◆ INSTRUCTIONS TO FOLLOW
Records follow. Print exactly the lines from the one that has "This Monarch knife" through the one that has "This cute bath", inclusive, and omit the pictures.

◆ DATA UNDER STUDY
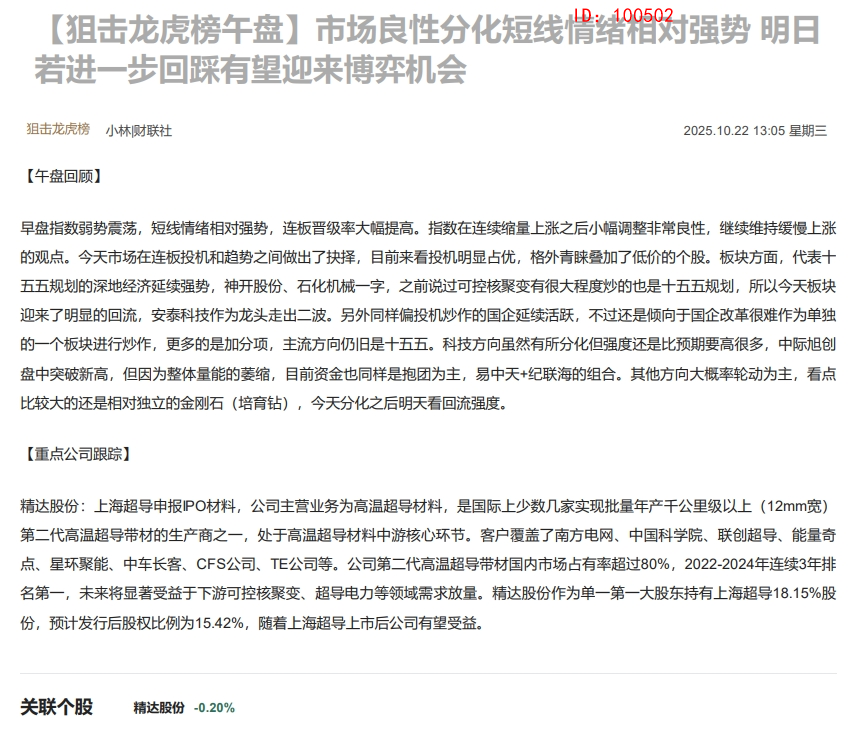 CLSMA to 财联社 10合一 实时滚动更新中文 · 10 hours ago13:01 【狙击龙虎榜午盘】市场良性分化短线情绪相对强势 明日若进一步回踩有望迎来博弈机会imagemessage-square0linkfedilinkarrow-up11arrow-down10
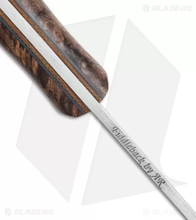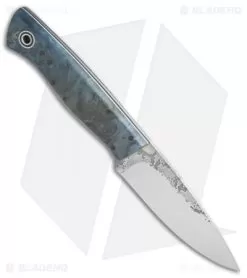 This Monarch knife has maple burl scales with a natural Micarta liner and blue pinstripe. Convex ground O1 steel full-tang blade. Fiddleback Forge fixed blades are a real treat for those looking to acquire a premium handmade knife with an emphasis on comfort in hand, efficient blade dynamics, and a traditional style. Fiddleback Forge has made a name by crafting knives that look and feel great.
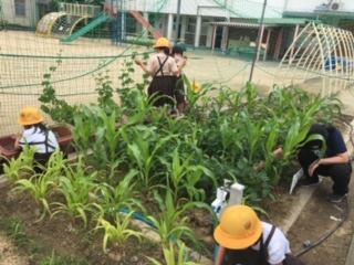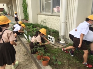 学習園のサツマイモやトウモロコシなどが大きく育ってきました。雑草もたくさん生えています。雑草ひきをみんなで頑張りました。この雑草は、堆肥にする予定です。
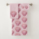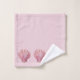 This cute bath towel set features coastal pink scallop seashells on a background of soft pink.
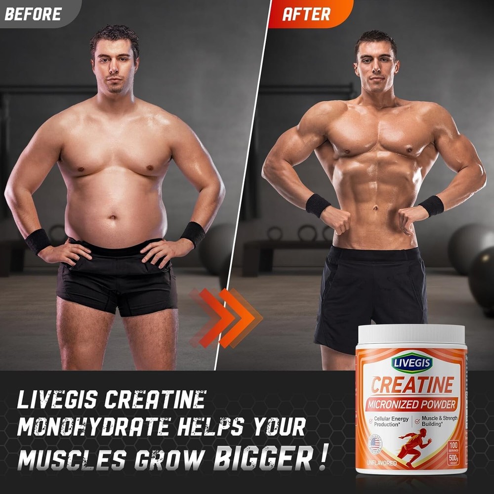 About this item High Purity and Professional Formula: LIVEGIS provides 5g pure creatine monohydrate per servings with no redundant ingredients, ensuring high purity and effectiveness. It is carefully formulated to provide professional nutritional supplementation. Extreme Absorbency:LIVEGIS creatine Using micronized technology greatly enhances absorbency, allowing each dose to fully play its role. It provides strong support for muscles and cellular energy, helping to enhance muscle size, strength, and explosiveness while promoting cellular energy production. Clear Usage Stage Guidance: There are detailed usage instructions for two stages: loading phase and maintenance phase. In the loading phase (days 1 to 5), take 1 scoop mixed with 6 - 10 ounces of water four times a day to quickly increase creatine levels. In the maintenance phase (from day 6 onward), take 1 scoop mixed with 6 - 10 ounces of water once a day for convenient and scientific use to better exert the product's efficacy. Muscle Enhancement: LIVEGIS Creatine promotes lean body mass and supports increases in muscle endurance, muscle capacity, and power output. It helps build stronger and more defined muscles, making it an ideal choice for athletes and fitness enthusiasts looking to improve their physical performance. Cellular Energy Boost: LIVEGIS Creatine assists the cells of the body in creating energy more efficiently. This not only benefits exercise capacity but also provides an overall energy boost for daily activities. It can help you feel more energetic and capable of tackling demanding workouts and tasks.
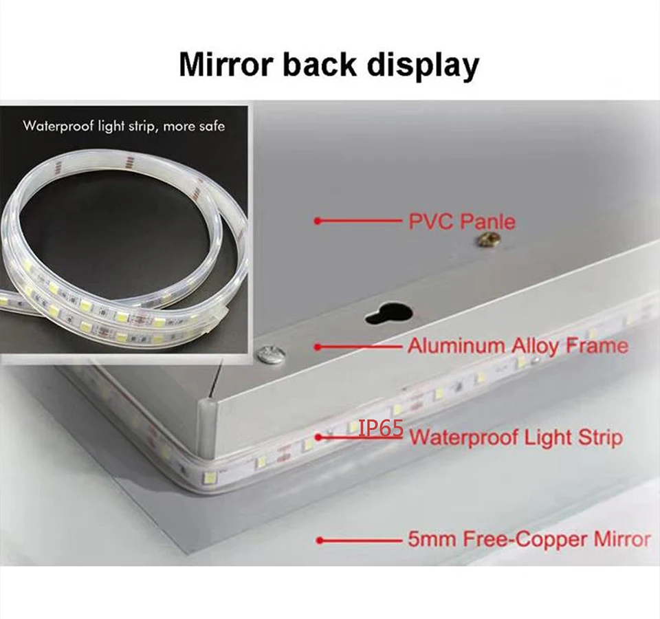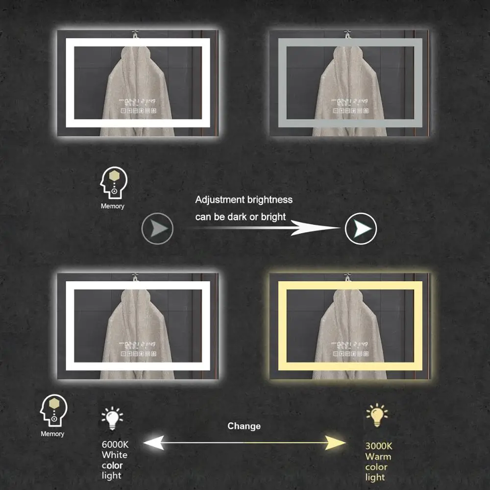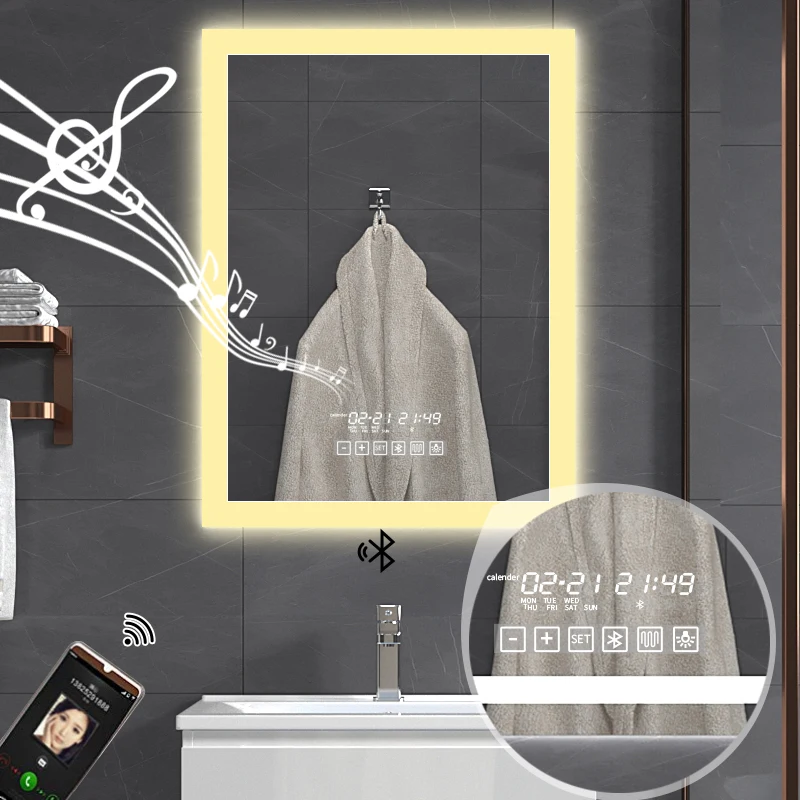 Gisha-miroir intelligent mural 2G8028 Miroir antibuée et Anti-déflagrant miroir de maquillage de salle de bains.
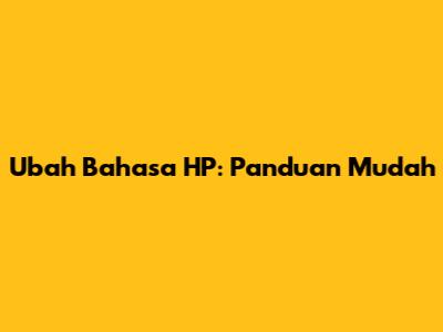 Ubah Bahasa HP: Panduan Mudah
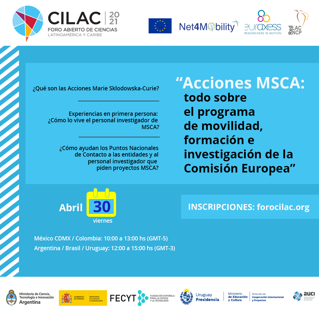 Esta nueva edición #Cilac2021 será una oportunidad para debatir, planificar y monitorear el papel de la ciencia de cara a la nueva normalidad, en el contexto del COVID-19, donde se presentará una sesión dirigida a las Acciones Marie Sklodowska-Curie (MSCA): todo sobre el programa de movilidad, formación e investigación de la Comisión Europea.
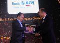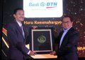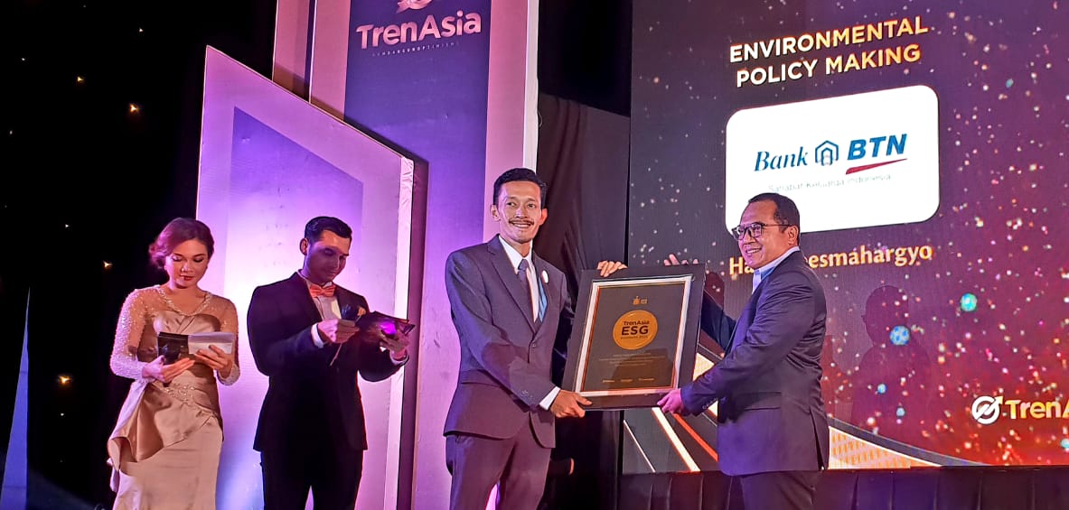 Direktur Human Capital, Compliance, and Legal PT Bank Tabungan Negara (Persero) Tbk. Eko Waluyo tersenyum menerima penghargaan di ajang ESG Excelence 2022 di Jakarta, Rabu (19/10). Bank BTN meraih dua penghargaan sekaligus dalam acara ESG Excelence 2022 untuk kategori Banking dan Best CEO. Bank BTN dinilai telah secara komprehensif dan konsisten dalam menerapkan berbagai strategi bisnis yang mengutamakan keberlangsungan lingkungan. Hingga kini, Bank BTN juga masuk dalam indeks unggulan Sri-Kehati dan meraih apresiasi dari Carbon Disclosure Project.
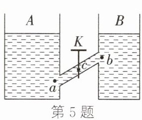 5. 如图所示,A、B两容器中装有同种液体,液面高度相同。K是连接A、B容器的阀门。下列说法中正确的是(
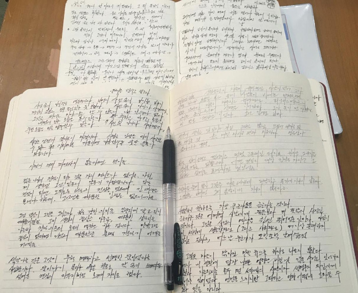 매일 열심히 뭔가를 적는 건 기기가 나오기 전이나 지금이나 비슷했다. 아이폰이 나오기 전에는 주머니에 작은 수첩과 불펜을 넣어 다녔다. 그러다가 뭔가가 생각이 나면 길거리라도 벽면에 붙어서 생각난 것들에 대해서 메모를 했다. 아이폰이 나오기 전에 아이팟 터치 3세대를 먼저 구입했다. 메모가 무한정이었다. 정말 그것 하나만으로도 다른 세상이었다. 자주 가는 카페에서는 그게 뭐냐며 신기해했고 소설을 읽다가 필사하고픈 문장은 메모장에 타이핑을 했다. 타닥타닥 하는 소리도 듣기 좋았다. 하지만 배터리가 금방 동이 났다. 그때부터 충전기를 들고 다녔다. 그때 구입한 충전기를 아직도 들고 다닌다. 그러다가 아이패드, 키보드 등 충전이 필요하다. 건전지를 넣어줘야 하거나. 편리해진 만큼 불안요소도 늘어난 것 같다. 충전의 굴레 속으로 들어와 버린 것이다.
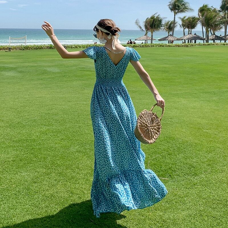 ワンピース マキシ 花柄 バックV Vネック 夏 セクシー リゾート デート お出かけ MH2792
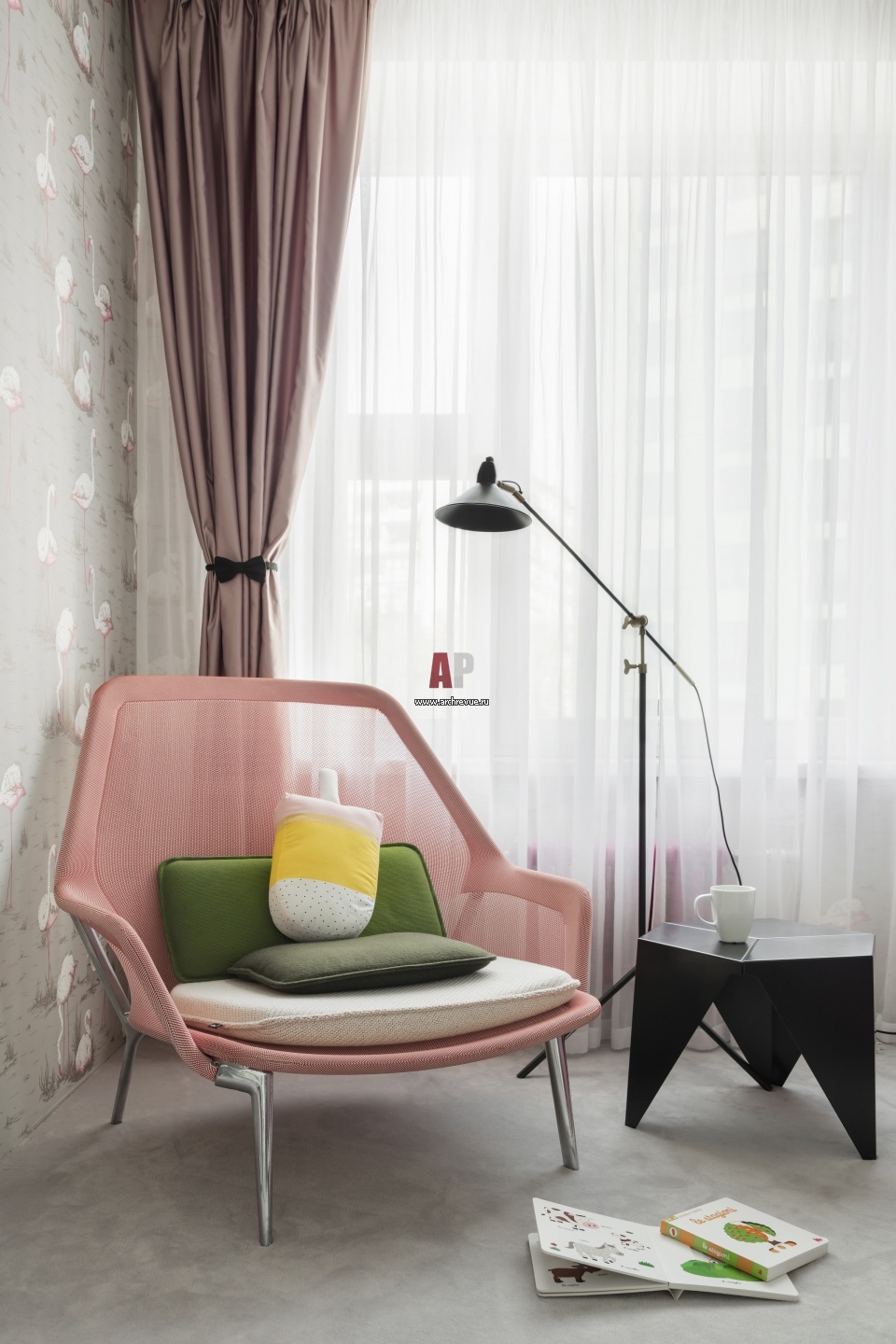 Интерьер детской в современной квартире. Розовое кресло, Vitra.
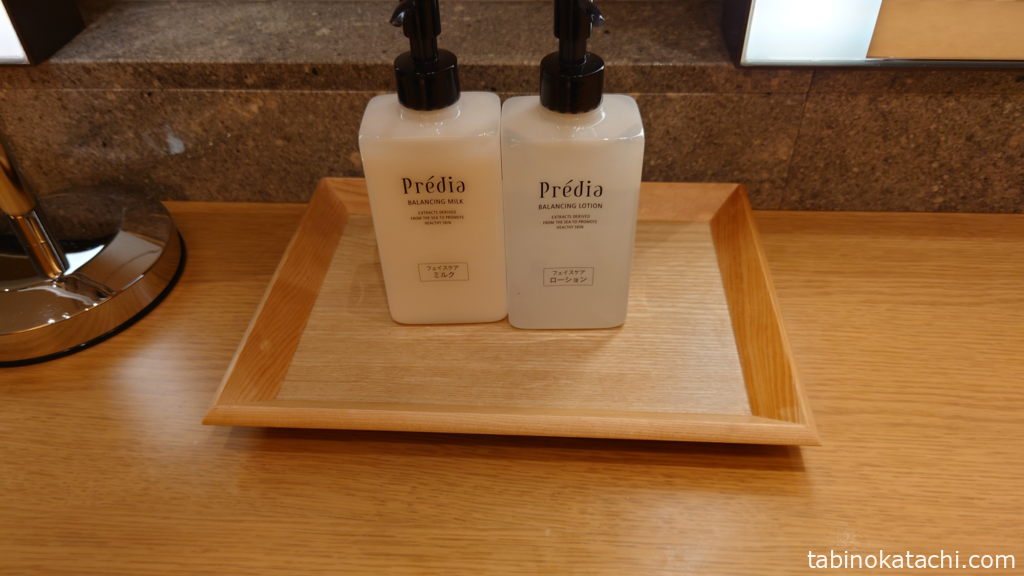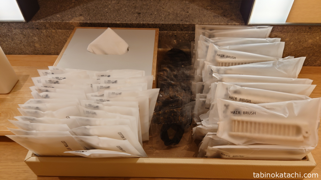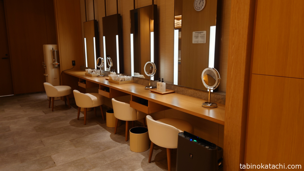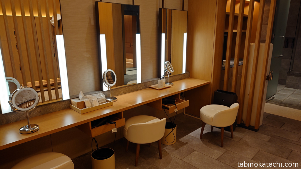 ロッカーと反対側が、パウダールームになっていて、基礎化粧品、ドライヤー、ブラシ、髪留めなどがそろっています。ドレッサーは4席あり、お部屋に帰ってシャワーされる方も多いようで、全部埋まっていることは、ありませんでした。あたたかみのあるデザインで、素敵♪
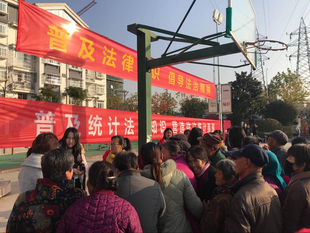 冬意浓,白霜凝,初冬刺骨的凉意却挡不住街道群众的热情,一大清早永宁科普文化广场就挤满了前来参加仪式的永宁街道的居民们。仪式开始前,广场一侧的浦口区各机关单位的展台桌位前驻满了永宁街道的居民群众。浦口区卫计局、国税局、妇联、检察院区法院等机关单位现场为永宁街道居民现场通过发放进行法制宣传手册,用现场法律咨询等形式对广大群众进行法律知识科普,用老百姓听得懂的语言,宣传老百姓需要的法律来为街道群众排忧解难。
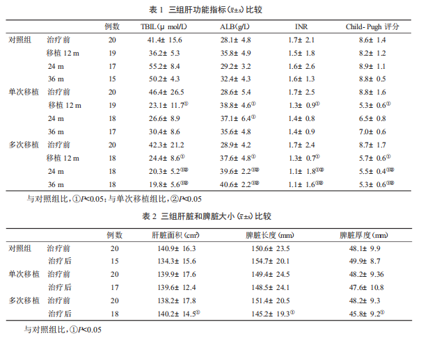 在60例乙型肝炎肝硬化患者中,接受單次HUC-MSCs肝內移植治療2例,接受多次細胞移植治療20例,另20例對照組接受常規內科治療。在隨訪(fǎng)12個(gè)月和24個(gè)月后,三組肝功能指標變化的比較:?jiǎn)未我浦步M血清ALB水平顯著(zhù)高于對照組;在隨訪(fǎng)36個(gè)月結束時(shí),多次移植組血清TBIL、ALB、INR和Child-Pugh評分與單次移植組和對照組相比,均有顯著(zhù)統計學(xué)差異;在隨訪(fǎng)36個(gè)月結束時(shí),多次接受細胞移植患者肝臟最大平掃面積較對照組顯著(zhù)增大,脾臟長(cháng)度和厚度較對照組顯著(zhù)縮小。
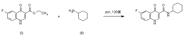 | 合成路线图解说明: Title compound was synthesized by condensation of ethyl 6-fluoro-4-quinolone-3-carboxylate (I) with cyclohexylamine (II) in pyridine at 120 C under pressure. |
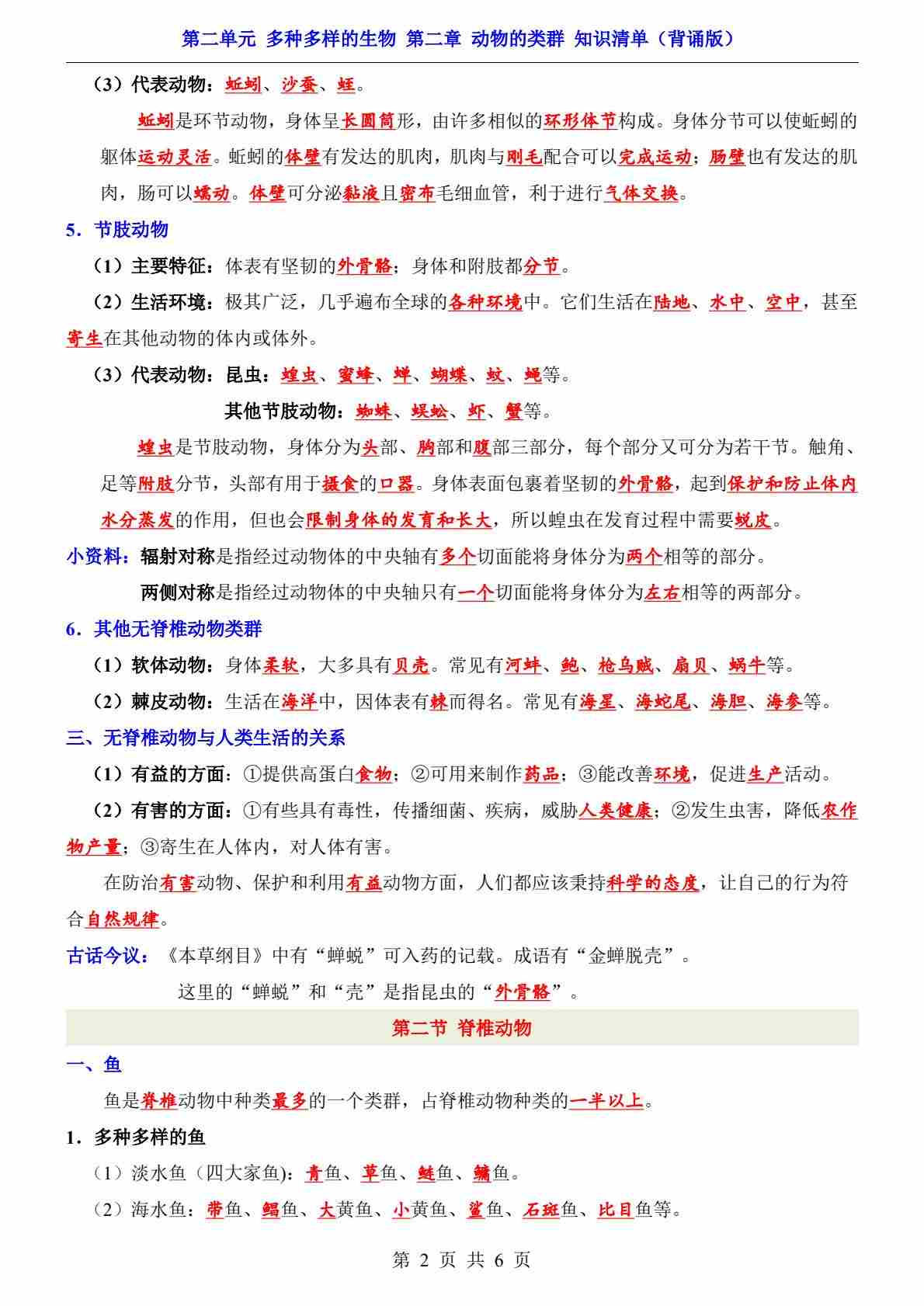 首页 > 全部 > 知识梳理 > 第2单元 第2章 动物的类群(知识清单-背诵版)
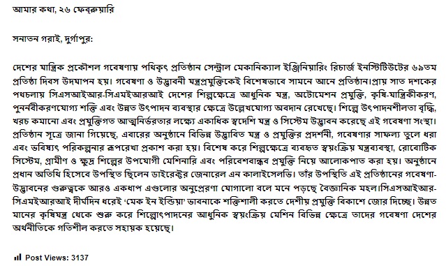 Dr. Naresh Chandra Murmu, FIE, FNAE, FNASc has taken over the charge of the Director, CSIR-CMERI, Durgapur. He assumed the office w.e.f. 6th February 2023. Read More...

◆ ANSWER AREA
 This Monarch knife has maple burl scales with a natural Micarta liner and blue pinstripe. Convex ground O1 steel full-tang blade. Fiddleback Forge fixed blades are a real treat for those looking to acquire a premium handmade knife with an emphasis on comfort in hand, efficient blade dynamics, and a traditional style. Fiddleback Forge has made a name by crafting knives that look and feel great.
 学習園のサツマイモやトウモロコシなどが大きく育ってきました。雑草もたくさん生えています。雑草ひきをみんなで頑張りました。この雑草は、堆肥にする予定です。
 This cute bath towel set features coastal pink scallop seashells on a background of soft pink.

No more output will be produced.